What to do »
In this exercise, every entry below is to be reproduced word for word.

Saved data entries

● ● ● ●

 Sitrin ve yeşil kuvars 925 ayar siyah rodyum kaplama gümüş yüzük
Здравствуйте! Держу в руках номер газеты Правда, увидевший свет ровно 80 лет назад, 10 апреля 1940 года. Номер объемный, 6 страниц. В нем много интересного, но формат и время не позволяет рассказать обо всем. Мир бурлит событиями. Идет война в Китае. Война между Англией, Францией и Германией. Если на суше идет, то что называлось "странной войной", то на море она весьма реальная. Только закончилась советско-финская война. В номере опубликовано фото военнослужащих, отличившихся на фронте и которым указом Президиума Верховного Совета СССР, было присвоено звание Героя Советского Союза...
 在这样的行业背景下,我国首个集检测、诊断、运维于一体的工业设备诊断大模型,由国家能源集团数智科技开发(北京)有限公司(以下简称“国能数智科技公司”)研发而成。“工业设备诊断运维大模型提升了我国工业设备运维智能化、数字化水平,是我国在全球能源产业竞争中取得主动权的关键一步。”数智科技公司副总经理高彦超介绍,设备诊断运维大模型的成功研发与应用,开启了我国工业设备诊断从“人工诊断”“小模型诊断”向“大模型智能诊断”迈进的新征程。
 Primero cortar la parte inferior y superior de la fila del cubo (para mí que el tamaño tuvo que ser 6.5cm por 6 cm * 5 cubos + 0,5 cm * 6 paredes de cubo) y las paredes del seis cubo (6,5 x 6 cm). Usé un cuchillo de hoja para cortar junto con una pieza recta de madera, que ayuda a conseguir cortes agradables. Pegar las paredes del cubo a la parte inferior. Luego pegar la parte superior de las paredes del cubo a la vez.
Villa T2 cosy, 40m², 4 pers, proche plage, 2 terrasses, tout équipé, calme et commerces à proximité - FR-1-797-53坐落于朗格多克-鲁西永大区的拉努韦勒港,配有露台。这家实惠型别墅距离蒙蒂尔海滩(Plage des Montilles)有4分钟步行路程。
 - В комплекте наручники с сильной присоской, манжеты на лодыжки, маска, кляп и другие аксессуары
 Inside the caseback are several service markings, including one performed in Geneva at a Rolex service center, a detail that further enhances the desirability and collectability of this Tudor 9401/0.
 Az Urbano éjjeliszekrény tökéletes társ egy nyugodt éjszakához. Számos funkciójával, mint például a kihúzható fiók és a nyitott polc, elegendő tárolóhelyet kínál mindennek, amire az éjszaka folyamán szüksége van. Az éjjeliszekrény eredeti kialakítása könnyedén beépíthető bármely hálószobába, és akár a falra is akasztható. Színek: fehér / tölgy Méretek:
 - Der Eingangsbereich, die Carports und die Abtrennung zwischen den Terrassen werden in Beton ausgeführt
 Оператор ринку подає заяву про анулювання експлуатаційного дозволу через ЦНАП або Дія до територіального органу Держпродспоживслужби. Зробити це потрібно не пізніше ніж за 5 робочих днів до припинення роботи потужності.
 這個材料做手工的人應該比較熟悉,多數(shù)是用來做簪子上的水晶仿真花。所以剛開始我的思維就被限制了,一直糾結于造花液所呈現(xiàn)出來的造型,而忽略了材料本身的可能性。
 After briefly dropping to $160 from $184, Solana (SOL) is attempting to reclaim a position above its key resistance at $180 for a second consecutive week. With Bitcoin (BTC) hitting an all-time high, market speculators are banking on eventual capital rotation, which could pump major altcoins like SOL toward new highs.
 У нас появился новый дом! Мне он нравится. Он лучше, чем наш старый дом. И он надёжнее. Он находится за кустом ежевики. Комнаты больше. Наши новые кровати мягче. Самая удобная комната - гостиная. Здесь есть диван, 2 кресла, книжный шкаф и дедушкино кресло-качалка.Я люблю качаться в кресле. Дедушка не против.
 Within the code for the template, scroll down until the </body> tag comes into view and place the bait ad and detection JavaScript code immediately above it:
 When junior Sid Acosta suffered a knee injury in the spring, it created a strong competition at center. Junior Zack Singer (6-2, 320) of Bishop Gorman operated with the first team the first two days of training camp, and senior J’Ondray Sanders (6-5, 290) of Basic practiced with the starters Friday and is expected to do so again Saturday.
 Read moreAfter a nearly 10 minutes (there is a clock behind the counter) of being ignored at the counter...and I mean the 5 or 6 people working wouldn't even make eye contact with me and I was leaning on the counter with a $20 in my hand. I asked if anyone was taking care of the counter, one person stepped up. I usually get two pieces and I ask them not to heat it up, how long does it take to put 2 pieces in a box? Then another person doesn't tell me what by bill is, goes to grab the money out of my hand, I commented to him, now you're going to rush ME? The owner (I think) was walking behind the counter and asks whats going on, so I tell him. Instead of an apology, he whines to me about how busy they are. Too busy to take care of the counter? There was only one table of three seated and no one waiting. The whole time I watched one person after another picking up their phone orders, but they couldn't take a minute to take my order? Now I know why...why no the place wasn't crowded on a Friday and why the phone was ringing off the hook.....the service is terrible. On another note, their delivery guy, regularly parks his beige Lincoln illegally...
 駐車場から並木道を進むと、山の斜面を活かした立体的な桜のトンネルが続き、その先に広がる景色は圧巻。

● ● ● ●

Written solution »
 Sitrin ve yeşil kuvars 925 ayar siyah rodyum kaplama gümüş yüzük
Здравствуйте! Держу в руках номер газеты Правда, увидевший свет ровно 80 лет назад, 10 апреля 1940 года. Номер объемный, 6 страниц. В нем много интересного, но формат и время не позволяет рассказать обо всем. Мир бурлит событиями. Идет война в Китае. Война между Англией, Францией и Германией. Если на суше идет, то что называлось "странной войной", то на море она весьма реальная. Только закончилась советско-финская война. В номере опубликовано фото военнослужащих, отличившихся на фронте и которым указом Президиума Верховного Совета СССР, было присвоено звание Героя Советского Союза...
 在这样的行业背景下,我国首个集检测、诊断、运维于一体的工业设备诊断大模型,由国家能源集团数智科技开发(北京)有限公司(以下简称“国能数智科技公司”)研发而成。“工业设备诊断运维大模型提升了我国工业设备运维智能化、数字化水平,是我国在全球能源产业竞争中取得主动权的关键一步。”数智科技公司副总经理高彦超介绍,设备诊断运维大模型的成功研发与应用,开启了我国工业设备诊断从“人工诊断”“小模型诊断”向“大模型智能诊断”迈进的新征程。
 Primero cortar la parte inferior y superior de la fila del cubo (para mí que el tamaño tuvo que ser 6.5cm por 6 cm * 5 cubos + 0,5 cm * 6 paredes de cubo) y las paredes del seis cubo (6,5 x 6 cm). Usé un cuchillo de hoja para cortar junto con una pieza recta de madera, que ayuda a conseguir cortes agradables. Pegar las paredes del cubo a la parte inferior. Luego pegar la parte superior de las paredes del cubo a la vez.
Villa T2 cosy, 40m², 4 pers, proche plage, 2 terrasses, tout équipé, calme et commerces à proximité - FR-1-797-53坐落于朗格多克-鲁西永大区的拉努韦勒港,配有露台。这家实惠型别墅距离蒙蒂尔海滩(Plage des Montilles)有4分钟步行路程。
 - В комплекте наручники с сильной присоской, манжеты на лодыжки, маска, кляп и другие аксессуары
 Inside the caseback are several service markings, including one performed in Geneva at a Rolex service center, a detail that further enhances the desirability and collectability of this Tudor 9401/0.
 Az Urbano éjjeliszekrény tökéletes társ egy nyugodt éjszakához. Számos funkciójával, mint például a kihúzható fiók és a nyitott polc, elegendő tárolóhelyet kínál mindennek, amire az éjszaka folyamán szüksége van. Az éjjeliszekrény eredeti kialakítása könnyedén beépíthető bármely hálószobába, és akár a falra is akasztható. Színek: fehér / tölgy Méretek:
 - Der Eingangsbereich, die Carports und die Abtrennung zwischen den Terrassen werden in Beton ausgeführt
 Оператор ринку подає заяву про анулювання експлуатаційного дозволу через ЦНАП або Дія до територіального органу Держпродспоживслужби. Зробити це потрібно не пізніше ніж за 5 робочих днів до припинення роботи потужності.
 這個材料做手工的人應該比較熟悉,多數(shù)是用來做簪子上的水晶仿真花。所以剛開始我的思維就被限制了,一直糾結于造花液所呈現(xiàn)出來的造型,而忽略了材料本身的可能性。
 After briefly dropping to $160 from $184, Solana (SOL) is attempting to reclaim a position above its key resistance at $180 for a second consecutive week. With Bitcoin (BTC) hitting an all-time high, market speculators are banking on eventual capital rotation, which could pump major altcoins like SOL toward new highs.
 У нас появился новый дом! Мне он нравится. Он лучше, чем наш старый дом. И он надёжнее. Он находится за кустом ежевики. Комнаты больше. Наши новые кровати мягче. Самая удобная комната - гостиная. Здесь есть диван, 2 кресла, книжный шкаф и дедушкино кресло-качалка.Я люблю качаться в кресле. Дедушка не против.
 Within the code for the template, scroll down until the </body> tag comes into view and place the bait ad and detection JavaScript code immediately above it:
 When junior Sid Acosta suffered a knee injury in the spring, it created a strong competition at center. Junior Zack Singer (6-2, 320) of Bishop Gorman operated with the first team the first two days of training camp, and senior J’Ondray Sanders (6-5, 290) of Basic practiced with the starters Friday and is expected to do so again Saturday.
 Read moreAfter a nearly 10 minutes (there is a clock behind the counter) of being ignored at the counter...and I mean the 5 or 6 people working wouldn't even make eye contact with me and I was leaning on the counter with a $20 in my hand. I asked if anyone was taking care of the counter, one person stepped up. I usually get two pieces and I ask them not to heat it up, how long does it take to put 2 pieces in a box? Then another person doesn't tell me what by bill is, goes to grab the money out of my hand, I commented to him, now you're going to rush ME? The owner (I think) was walking behind the counter and asks whats going on, so I tell him. Instead of an apology, he whines to me about how busy they are. Too busy to take care of the counter? There was only one table of three seated and no one waiting. The whole time I watched one person after another picking up their phone orders, but they couldn't take a minute to take my order? Now I know why...why no the place wasn't crowded on a Friday and why the phone was ringing off the hook.....the service is terrible. On another note, their delivery guy, regularly parks his beige Lincoln illegally...
 駐車場から並木道を進むと、山の斜面を活かした立体的な桜のトンネルが続き、その先に広がる景色は圧巻。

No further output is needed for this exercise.